With concurrency: 5, four URLs will complete in roughly the time it takes to audit one. For 100 URLs, the total time drops from roughly 200 seconds (sequential) to about 40 seconds (5-way concurrency). Increase the concurrency value if your SEOPeek plan supports higher throughput.

5. CSV and JSON Export of Audit Results

SEO teams often need audit results in spreadsheet-friendly formats. Add a dedicated export endpoint that returns either JSON or CSV based on a query parameter:

# Add to main.py
import csv
import io
from fastapi.responses import StreamingResponse


@app.post("/api/audit/export")
async def export_audit(request: BulkAuditRequest):
    """
    Audit URLs and export results as JSON or CSV.
    """
    semaphore = asyncio.Semaphore(request.concurrency)

    async with httpx.AsyncClient() as client:
        tasks = [
            audit_with_semaphore(semaphore, client, str(url))
            for url in request.urls
        ]
        results = await asyncio.gather(*tasks)

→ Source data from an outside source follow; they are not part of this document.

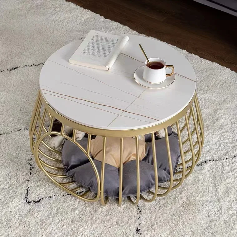 Newest Golden Modern Living Room Office Simple Style Iron Commercial Marble Top Tea Center Coffee Table
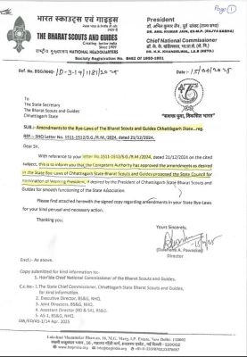 यह बताया गया कि भारत स्काउट्स एंड गाइड्स छत्तीसगढ़ ने 8 अक्टूबर 2024 को परिषद की बैठक में सभी सदस्यों की आम सहमति से राज्य के उप नियम में आवश्यक संशोधन करने के लिए प्रस्ताव पारित किया था।
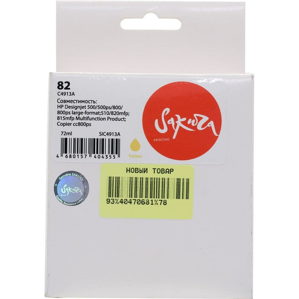 Картридж струйный Sakura 82 / C4913A желтый, водорастворимый тип, 72 мл. для HP (SIC4913A)
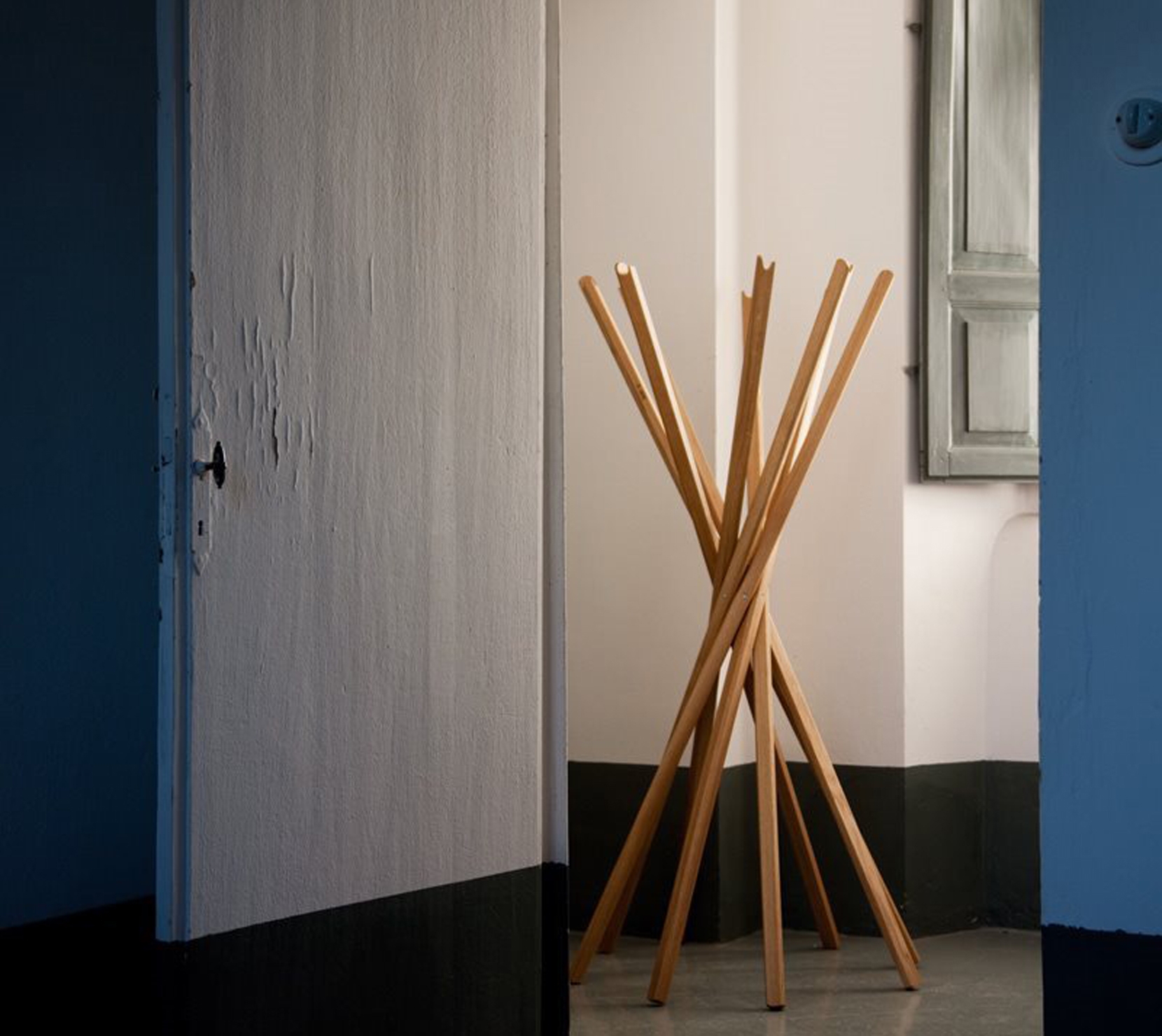Sciangai 衣帽架以傳統中國遊戲為設計靈感,木棒握在手中,然後散落在檯面上。
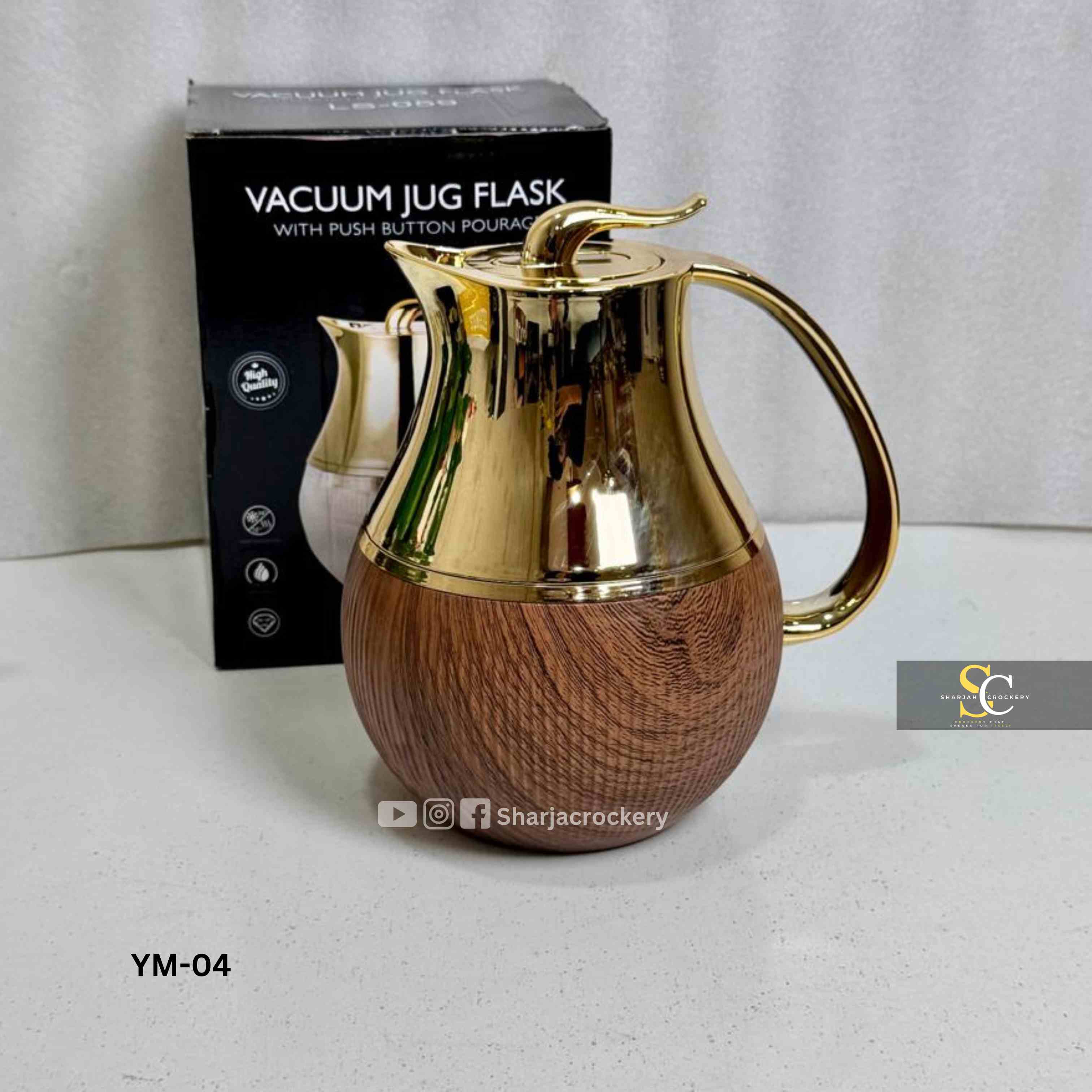 Add a touch of style to your serving with this 1.0L jug-shaped vacuum flask. Featuring a unique half golden and half wood design with a rounded golden handle, it keeps your beverages hot or cold for hours. Perfect for daily use, special gatherings, or as a premium gift option
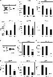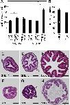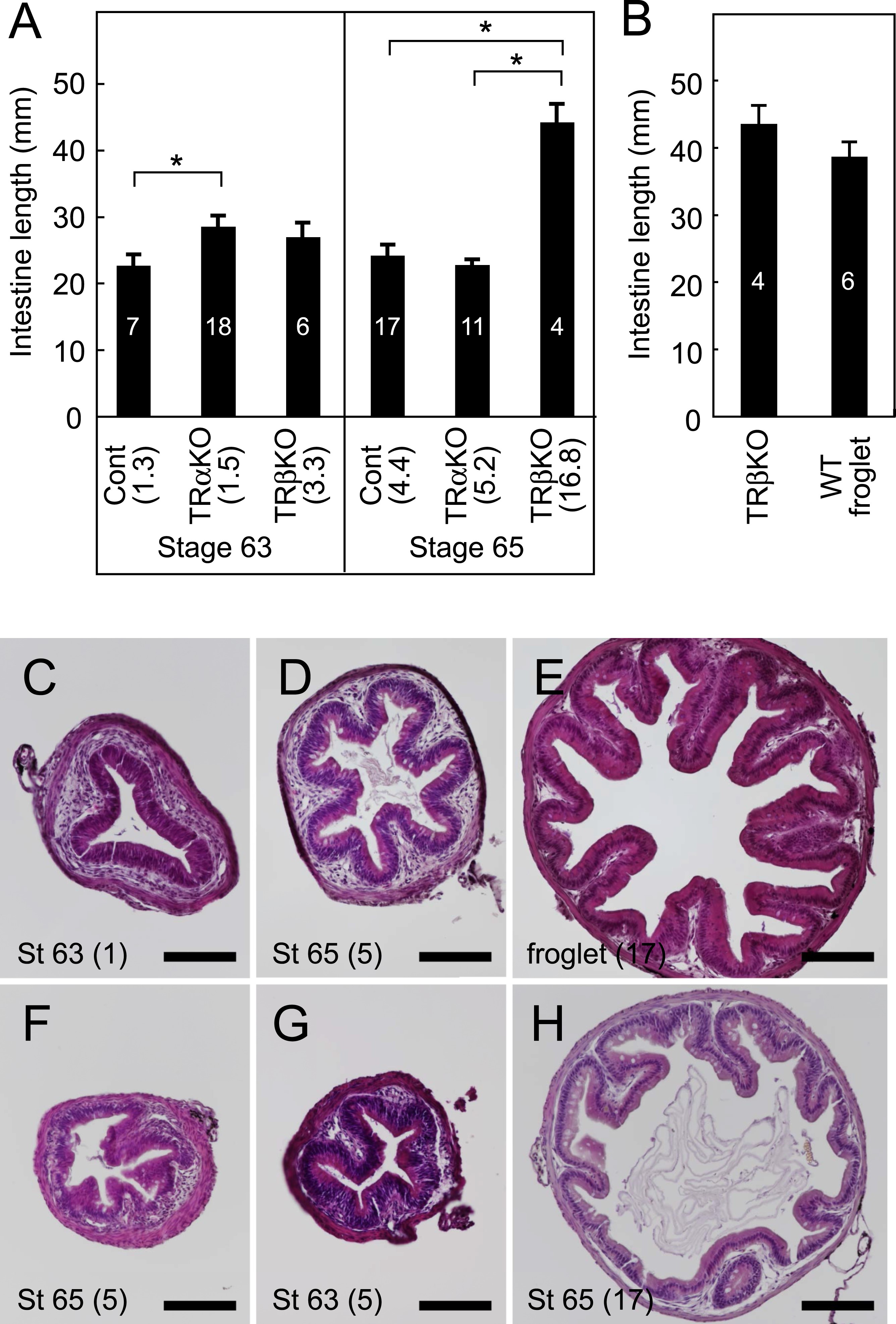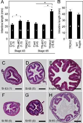 Figure 7. Effect of TRα and TRβ knockout on intestinal remodeling. (A) Comparison of the intestinal lengths of wild-type, TRα-knockout, and TRβ-knockout stage-63 and stage-65 tadpoles. Data are expressed as mean ± SE. Sample number is indicated in each column. Significant differences between the indicated groups were determined by performing a Bonferroni test. *P < 0.05. (B) Comparison of the intestinal lengths of the TRβ-knockout stage-65 tadpoles and wild-type froglets 14 to 17 and 15 to 18 days after stage 62, respectively. Data are expressed as mean ± SE. Sample number is indicated in each column. There was no significant difference based on a Student t test. (C–H) Cross sections of the intestine at the indicated stages. Intestinal fragments were cut 6 to 9 mm from the pylorus at the anterior part of the small intestine. Images are representative of three individuals examined per panel. (C–E) Wild-type (C) stage-63 and (D) stage-65 tadpoles and (E) froglets. (F) TRα-knockout stage-65 tadpole. (G and H) TRβ-knockout (G) stage-63 and (H) stage-65 tadpoles. Sections were stained with hematoxylin and eosin. The number of days from stage 62 are shown in parentheses. Scale bars, 0.1 mm. Image from "Thyroid Hormone Receptor α– and β–Knockout Xenopus tropicalis Tadpoles Reveal Subtype-Specific Roles During Development ." Keisuke Nakajima, Ichiro Tazawa, Yoshio Yaoita Endocrinology, Volume 159, Issue 2, February 2018, Pages 733–743, https://doi.org/10.1210/en.2017-00601. Reprinted with permission from AAAS. |

    if request.export_format == "csv":
        return _results_to_csv(results)

    # Default: JSON
    passed = sum(1 for r in results if r.score >= 70)
    avg = sum(r.score for r in results) / len(results)
    return BulkAuditResponse(
        total=len(results),
        passed=passed,
        failed=len(results) - passed,
        average_score=round(avg, 1),
        results=results,
    )


def _results_to_csv(results: list[AuditResult]) -> StreamingResponse:
    """Convert audit results to a downloadable CSV file."""
    output = io.StringIO()
    writer = csv.writer(output)

    # Header row
    writer.writerow([
        "URL", "Score", "Grade", "Title", "Description",
        "Canonical", "OG Title", "OG Image",
        "Checks Passed", "Checks Failed", "Error",
    ])

    for r in results:
        checks_passed = sum(1 for c in r.checks if c.passed)
        checks_failed = len(r.checks) - checks_passed
        writer.writerow([
            r.url,
            r.score,
            r.grade,
            r.meta.title or "",
            r.meta.description or "",
            r.meta.canonical or "",
            r.meta.og_title or "",
            r.meta.og_image or "",
            checks_passed,
            checks_failed,
            r.error or "",
        ])

    output.seek(0)
    return StreamingResponse(
        iter([output.getvalue()]),
        media_type="text/csv",
        headers={
            "Content-Disposition": "attachment; filename=seo-audit.csv"
        },
    )

To download a CSV report:

curl -X POST http://localhost:8000/api/audit/export \
  -H "Content-Type: application/json" \
  -d '{"urls": ["https://example.com"], "export_format": "csv"}' \
  -o seo-audit.csv

The CSV includes the most important fields—score, grade, title, OG image presence, and error status—so you can open it in Google Sheets or Excel and immediately see which pages need attention.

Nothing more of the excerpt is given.